[Stored data]
--- START ---

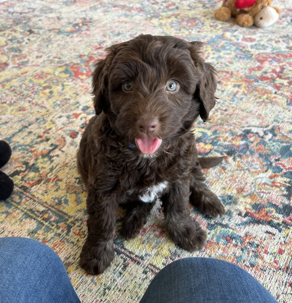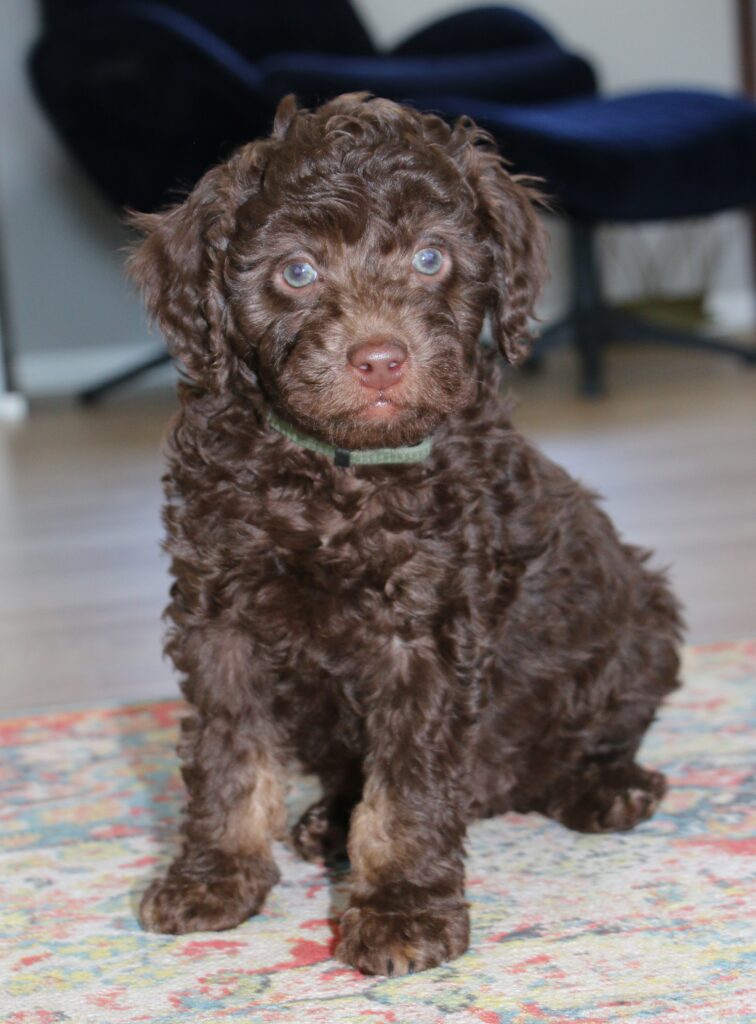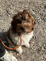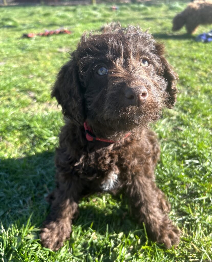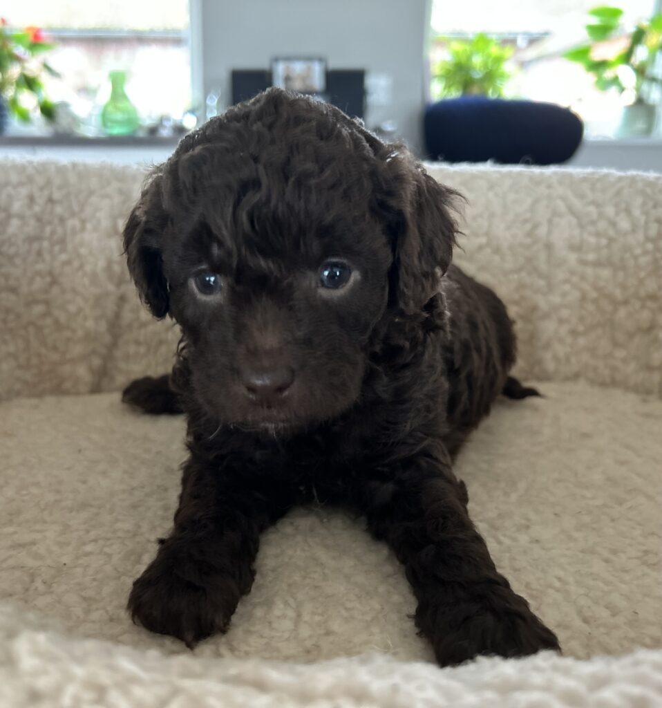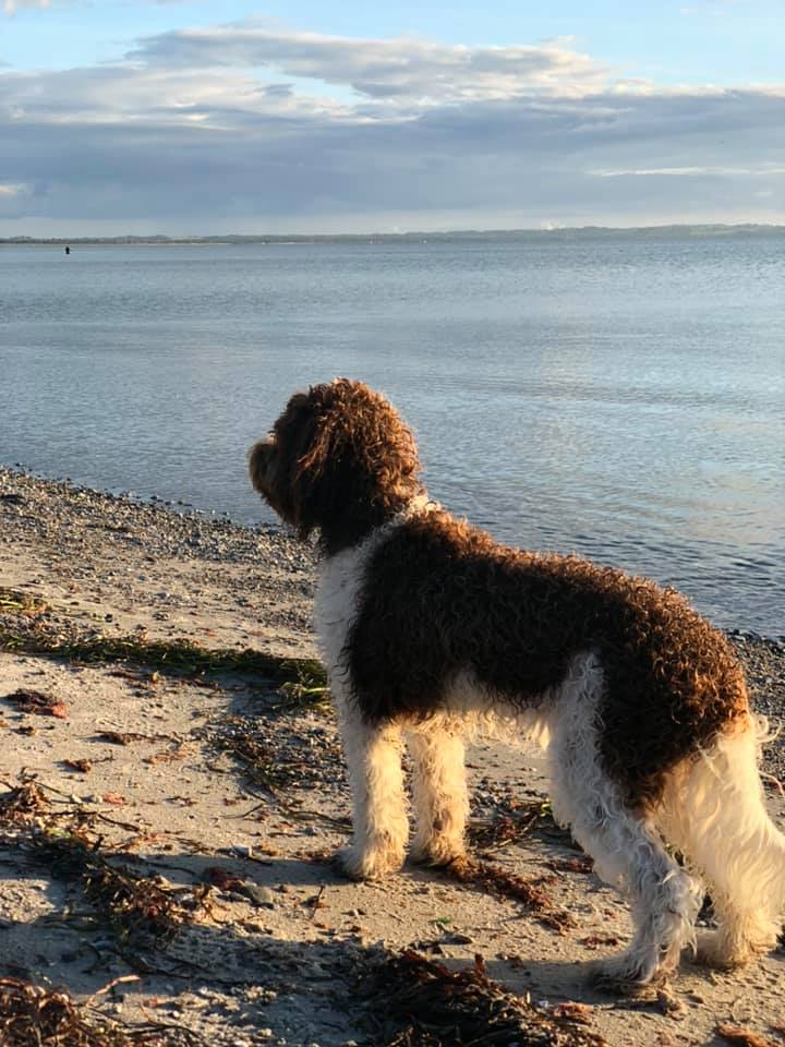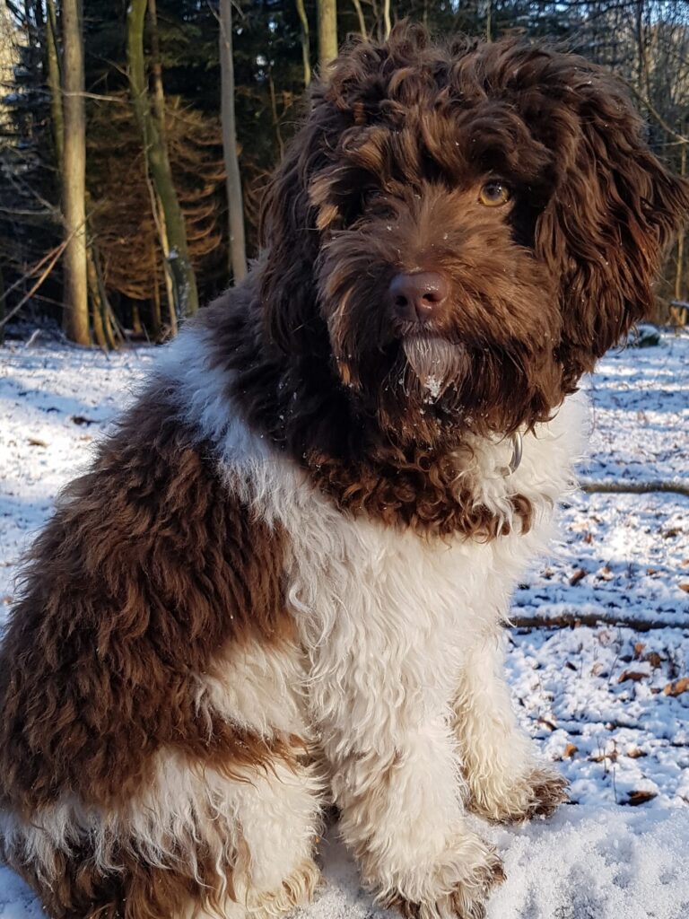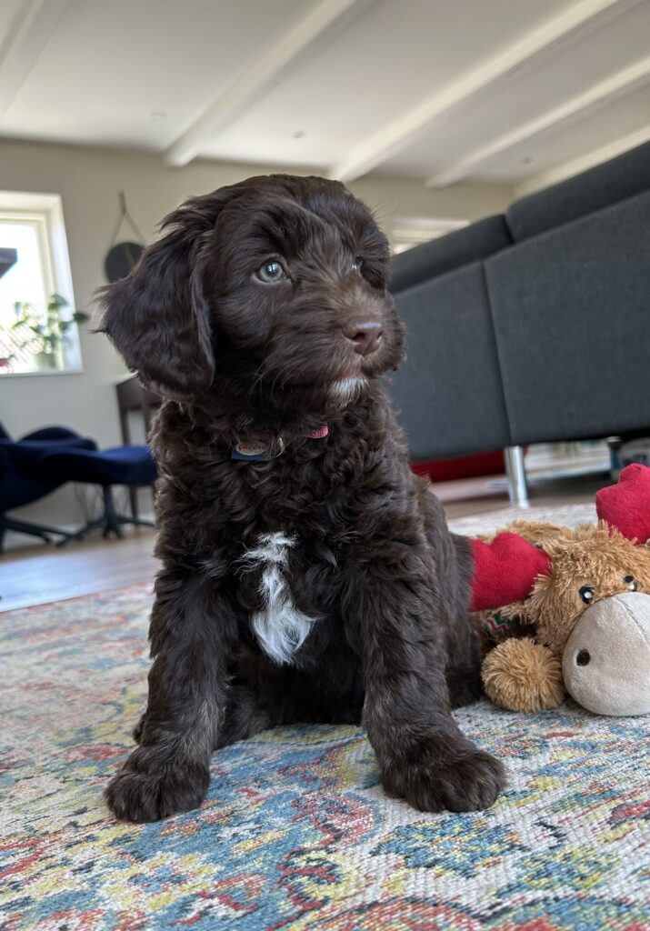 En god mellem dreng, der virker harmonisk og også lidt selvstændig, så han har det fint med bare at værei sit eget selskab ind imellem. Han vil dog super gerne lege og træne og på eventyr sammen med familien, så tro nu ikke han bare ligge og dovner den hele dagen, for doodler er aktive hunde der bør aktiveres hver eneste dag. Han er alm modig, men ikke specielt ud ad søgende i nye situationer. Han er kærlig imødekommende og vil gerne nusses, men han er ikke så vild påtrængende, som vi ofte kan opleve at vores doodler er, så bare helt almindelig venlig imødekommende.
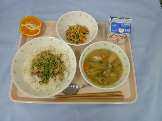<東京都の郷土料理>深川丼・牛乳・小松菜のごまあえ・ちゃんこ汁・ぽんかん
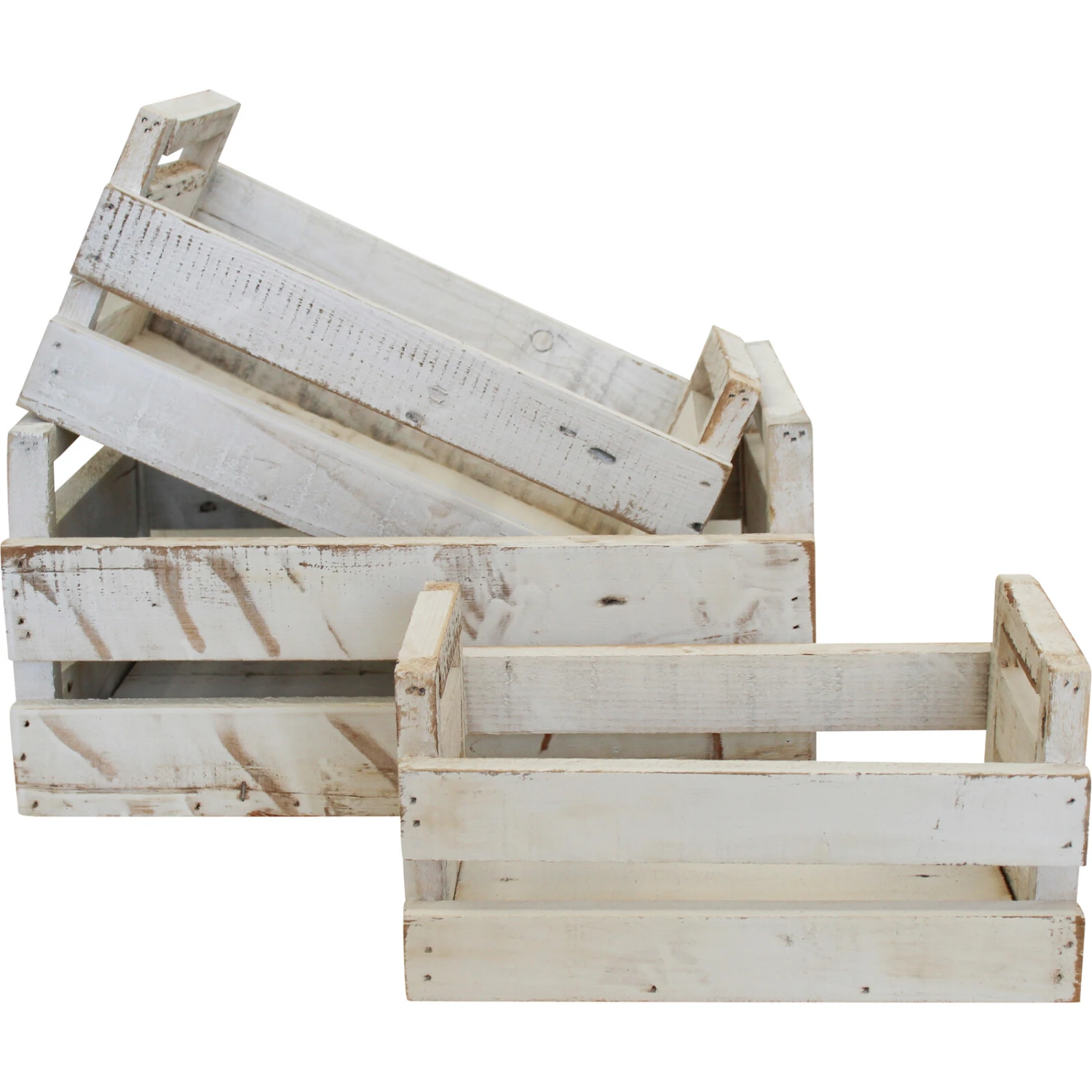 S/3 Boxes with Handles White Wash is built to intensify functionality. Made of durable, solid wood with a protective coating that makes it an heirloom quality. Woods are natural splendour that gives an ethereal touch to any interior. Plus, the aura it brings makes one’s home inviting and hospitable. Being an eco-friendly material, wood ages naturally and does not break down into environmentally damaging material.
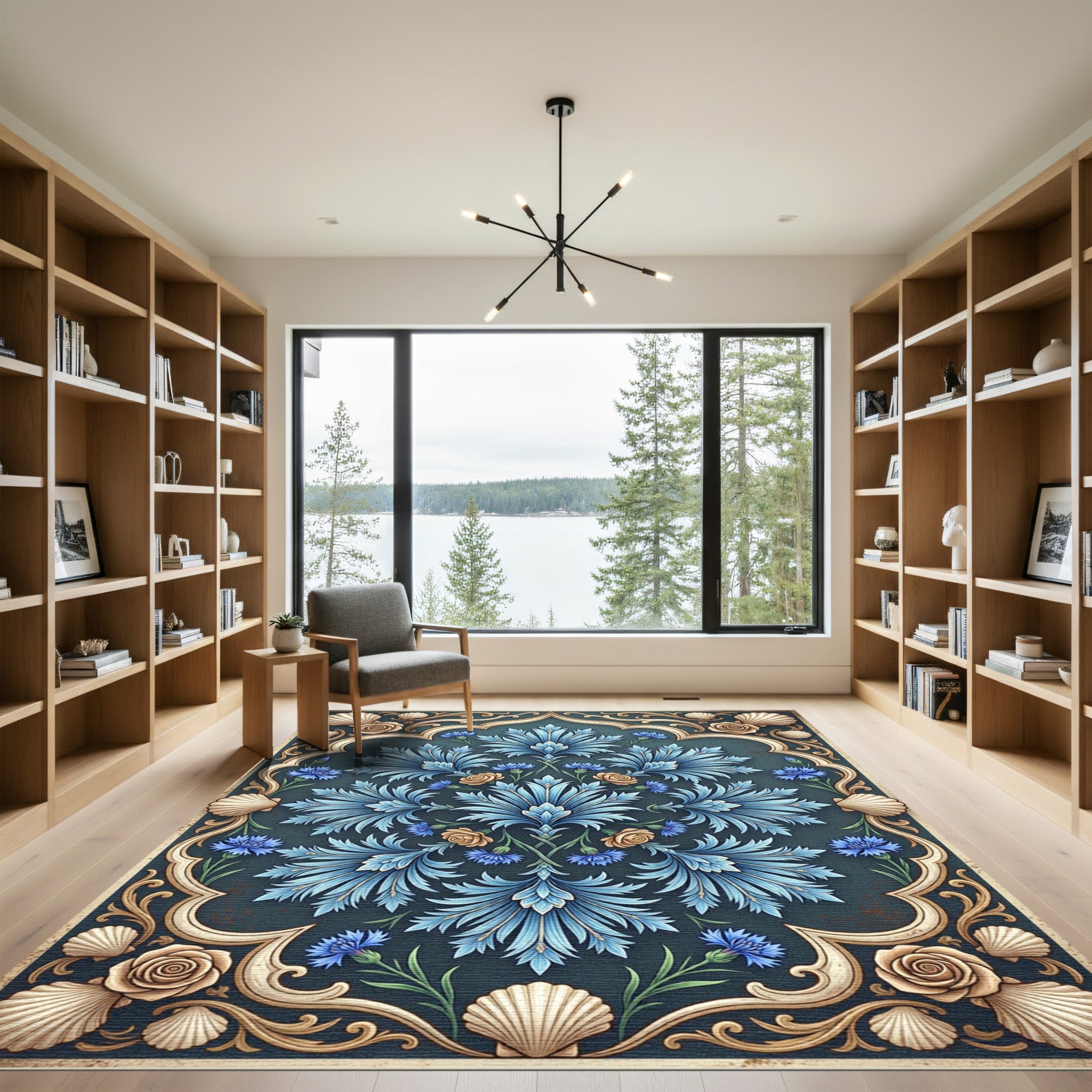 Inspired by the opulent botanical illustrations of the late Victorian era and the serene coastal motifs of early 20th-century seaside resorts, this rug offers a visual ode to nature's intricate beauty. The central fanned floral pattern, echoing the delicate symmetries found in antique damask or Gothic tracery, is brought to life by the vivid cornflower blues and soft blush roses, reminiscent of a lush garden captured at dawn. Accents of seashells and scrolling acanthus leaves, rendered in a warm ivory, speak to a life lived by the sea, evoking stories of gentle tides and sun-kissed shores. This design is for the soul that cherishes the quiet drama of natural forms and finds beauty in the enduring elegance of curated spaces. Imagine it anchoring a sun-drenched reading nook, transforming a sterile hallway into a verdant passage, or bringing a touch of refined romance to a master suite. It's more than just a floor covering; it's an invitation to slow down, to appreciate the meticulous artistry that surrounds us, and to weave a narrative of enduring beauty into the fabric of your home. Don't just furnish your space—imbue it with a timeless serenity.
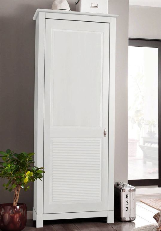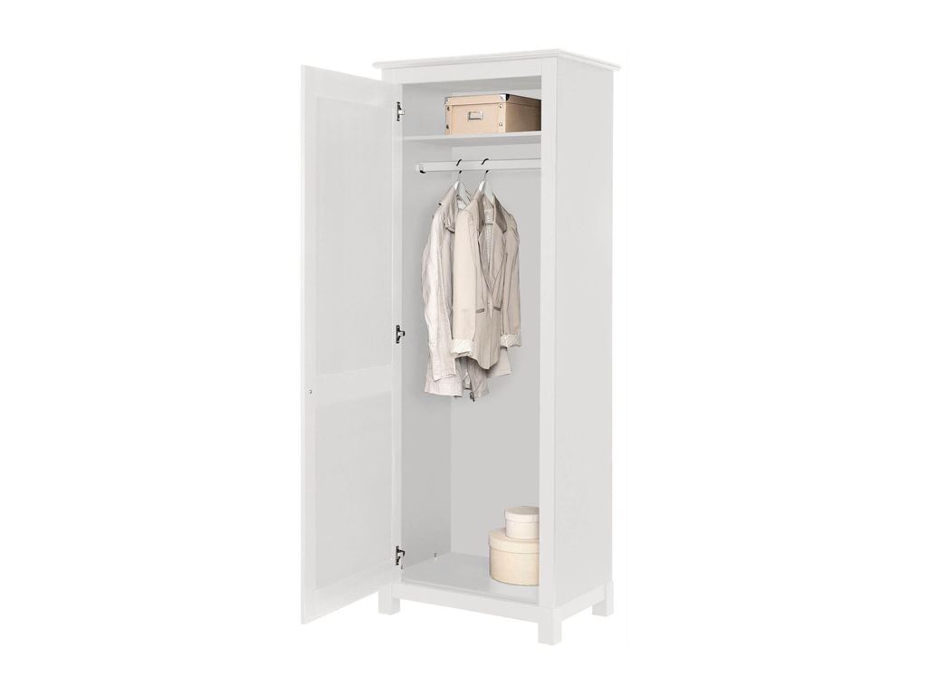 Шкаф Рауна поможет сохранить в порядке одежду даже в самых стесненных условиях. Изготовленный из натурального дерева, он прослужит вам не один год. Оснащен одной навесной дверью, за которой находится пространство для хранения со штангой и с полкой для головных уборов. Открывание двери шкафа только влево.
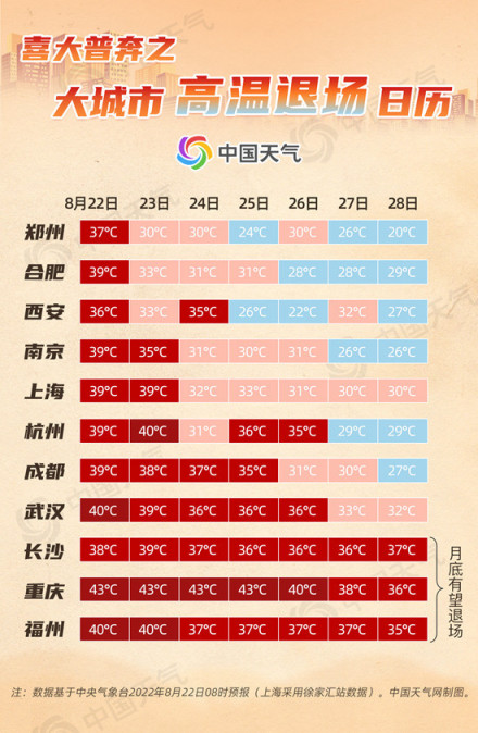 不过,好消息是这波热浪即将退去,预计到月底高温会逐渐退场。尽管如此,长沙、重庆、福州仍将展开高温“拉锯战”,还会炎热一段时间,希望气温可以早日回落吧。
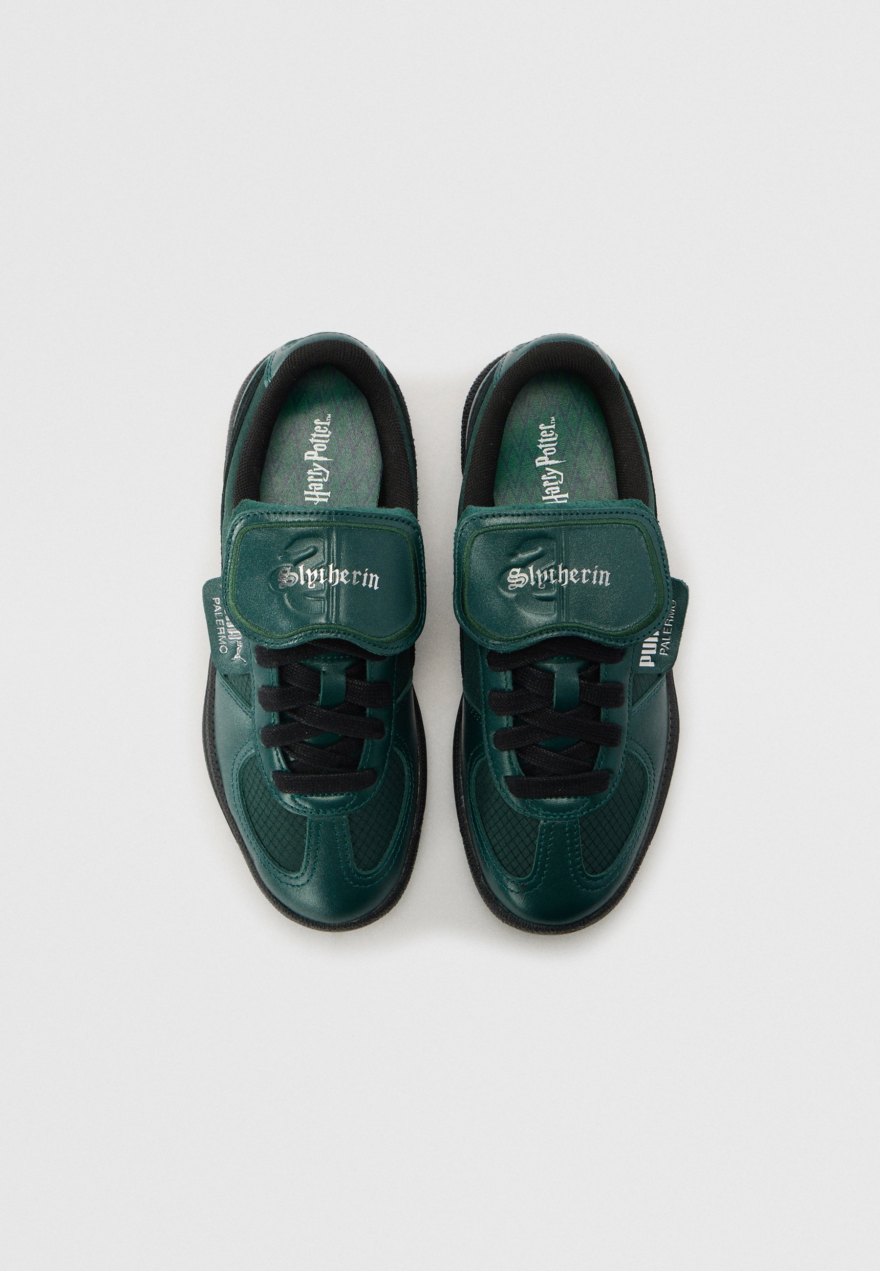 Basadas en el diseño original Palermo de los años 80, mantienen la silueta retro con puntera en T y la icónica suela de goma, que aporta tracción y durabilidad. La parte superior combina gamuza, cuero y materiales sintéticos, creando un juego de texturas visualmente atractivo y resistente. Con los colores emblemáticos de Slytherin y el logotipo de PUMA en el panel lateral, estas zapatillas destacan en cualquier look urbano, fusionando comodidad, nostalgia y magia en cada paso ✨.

--- END ---

[YOUR INSTRUCTIONS]
Transcribe the records verbatim and omit the images.

[COMPLETED TASK]
 En god mellem dreng, der virker harmonisk og også lidt selvstændig, så han har det fint med bare at værei sit eget selskab ind imellem. Han vil dog super gerne lege og træne og på eventyr sammen med familien, så tro nu ikke han bare ligge og dovner den hele dagen, for doodler er aktive hunde der bør aktiveres hver eneste dag. Han er alm modig, men ikke specielt ud ad søgende i nye situationer. Han er kærlig imødekommende og vil gerne nusses, men han er ikke så vild påtrængende, som vi ofte kan opleve at vores doodler er, så bare helt almindelig venlig imødekommende.
<東京都の郷土料理>深川丼・牛乳・小松菜のごまあえ・ちゃんこ汁・ぽんかん
 S/3 Boxes with Handles White Wash is built to intensify functionality. Made of durable, solid wood with a protective coating that makes it an heirloom quality. Woods are natural splendour that gives an ethereal touch to any interior. Plus, the aura it brings makes one’s home inviting and hospitable. Being an eco-friendly material, wood ages naturally and does not break down into environmentally damaging material.
 Inspired by the opulent botanical illustrations of the late Victorian era and the serene coastal motifs of early 20th-century seaside resorts, this rug offers a visual ode to nature's intricate beauty. The central fanned floral pattern, echoing the delicate symmetries found in antique damask or Gothic tracery, is brought to life by the vivid cornflower blues and soft blush roses, reminiscent of a lush garden captured at dawn. Accents of seashells and scrolling acanthus leaves, rendered in a warm ivory, speak to a life lived by the sea, evoking stories of gentle tides and sun-kissed shores. This design is for the soul that cherishes the quiet drama of natural forms and finds beauty in the enduring elegance of curated spaces. Imagine it anchoring a sun-drenched reading nook, transforming a sterile hallway into a verdant passage, or bringing a touch of refined romance to a master suite. It's more than just a floor covering; it's an invitation to slow down, to appreciate the meticulous artistry that surrounds us, and to weave a narrative of enduring beauty into the fabric of your home. Don't just furnish your space—imbue it with a timeless serenity.
 Шкаф Рауна поможет сохранить в порядке одежду даже в самых стесненных условиях. Изготовленный из натурального дерева, он прослужит вам не один год. Оснащен одной навесной дверью, за которой находится пространство для хранения со штангой и с полкой для головных уборов. Открывание двери шкафа только влево.
 不过,好消息是这波热浪即将退去,预计到月底高温会逐渐退场。尽管如此,长沙、重庆、福州仍将展开高温“拉锯战”,还会炎热一段时间,希望气温可以早日回落吧。
 Basadas en el diseño original Palermo de los años 80, mantienen la silueta retro con puntera en T y la icónica suela de goma, que aporta tracción y durabilidad. La parte superior combina gamuza, cuero y materiales sintéticos, creando un juego de texturas visualmente atractivo y resistente. Con los colores emblemáticos de Slytherin y el logotipo de PUMA en el panel lateral, estas zapatillas destacan en cualquier look urbano, fusionando comodidad, nostalgia y magia en cada paso ✨.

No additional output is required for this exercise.